Exercise description:
Transcribe the listing exactly, so that nothing but the pictures is missing.

*** Given data ***

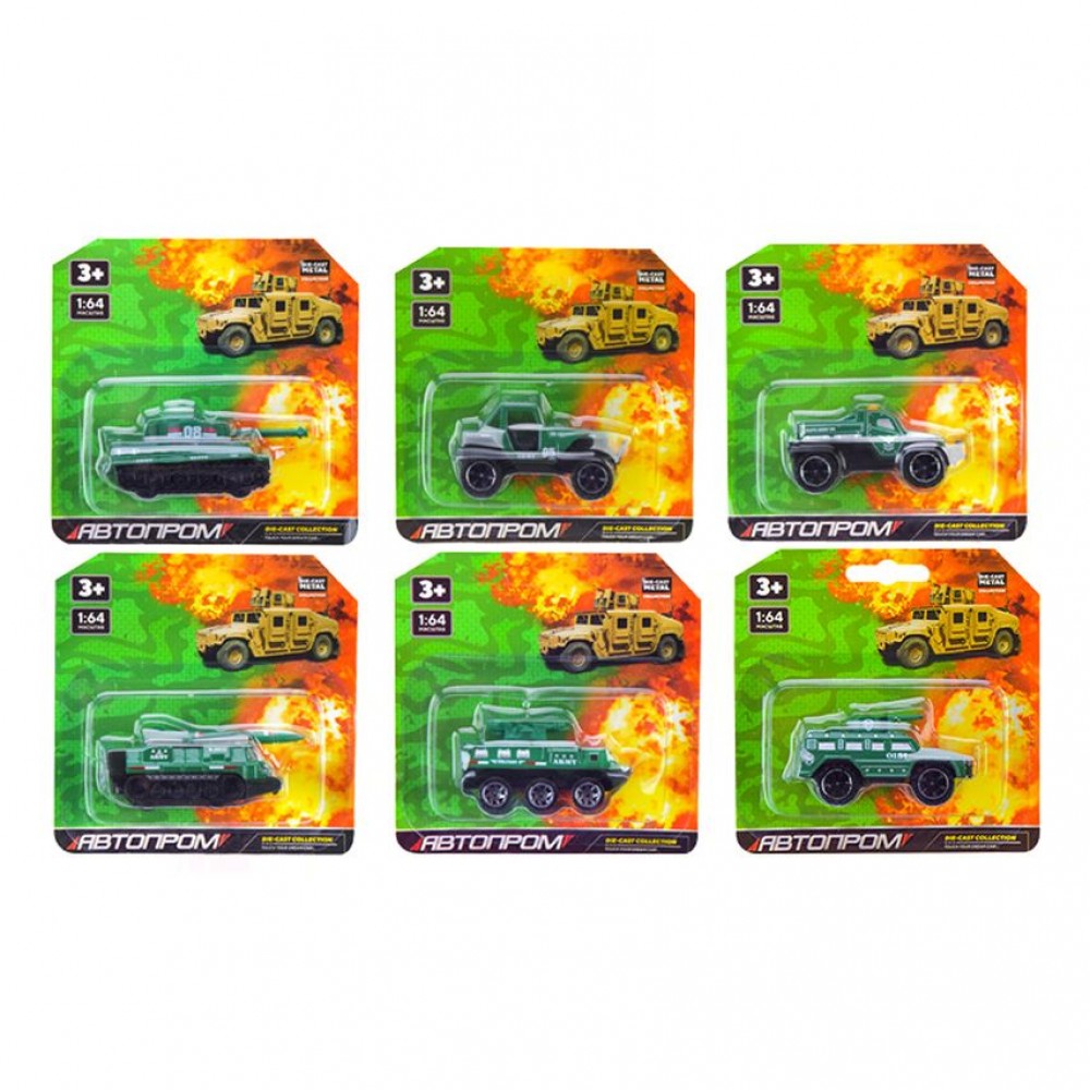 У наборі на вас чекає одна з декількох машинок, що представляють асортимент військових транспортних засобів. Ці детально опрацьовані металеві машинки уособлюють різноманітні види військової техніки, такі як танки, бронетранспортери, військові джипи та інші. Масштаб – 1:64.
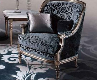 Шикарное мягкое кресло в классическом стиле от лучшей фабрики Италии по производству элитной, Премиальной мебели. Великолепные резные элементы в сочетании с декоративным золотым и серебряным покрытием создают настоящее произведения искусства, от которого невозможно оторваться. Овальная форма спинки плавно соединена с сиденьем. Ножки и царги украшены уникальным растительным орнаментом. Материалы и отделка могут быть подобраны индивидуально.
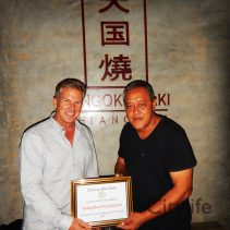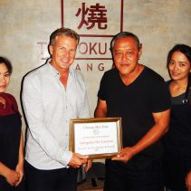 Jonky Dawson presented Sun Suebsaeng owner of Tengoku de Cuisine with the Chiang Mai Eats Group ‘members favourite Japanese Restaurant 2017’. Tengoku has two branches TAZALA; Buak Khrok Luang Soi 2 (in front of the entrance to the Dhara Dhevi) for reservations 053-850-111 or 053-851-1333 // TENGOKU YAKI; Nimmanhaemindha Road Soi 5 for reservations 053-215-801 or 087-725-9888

***

Exercise answer:
 У наборі на вас чекає одна з декількох машинок, що представляють асортимент військових транспортних засобів. Ці детально опрацьовані металеві машинки уособлюють різноманітні види військової техніки, такі як танки, бронетранспортери, військові джипи та інші. Масштаб – 1:64.
 Шикарное мягкое кресло в классическом стиле от лучшей фабрики Италии по производству элитной, Премиальной мебели. Великолепные резные элементы в сочетании с декоративным золотым и серебряным покрытием создают настоящее произведения искусства, от которого невозможно оторваться. Овальная форма спинки плавно соединена с сиденьем. Ножки и царги украшены уникальным растительным орнаментом. Материалы и отделка могут быть подобраны индивидуально.
 Jonky Dawson presented Sun Suebsaeng owner of Tengoku de Cuisine with the Chiang Mai Eats Group ‘members favourite Japanese Restaurant 2017’. Tengoku has two branches TAZALA; Buak Khrok Luang Soi 2 (in front of the entrance to the Dhara Dhevi) for reservations 053-850-111 or 053-851-1333 // TENGOKU YAKI; Nimmanhaemindha Road Soi 5 for reservations 053-215-801 or 087-725-9888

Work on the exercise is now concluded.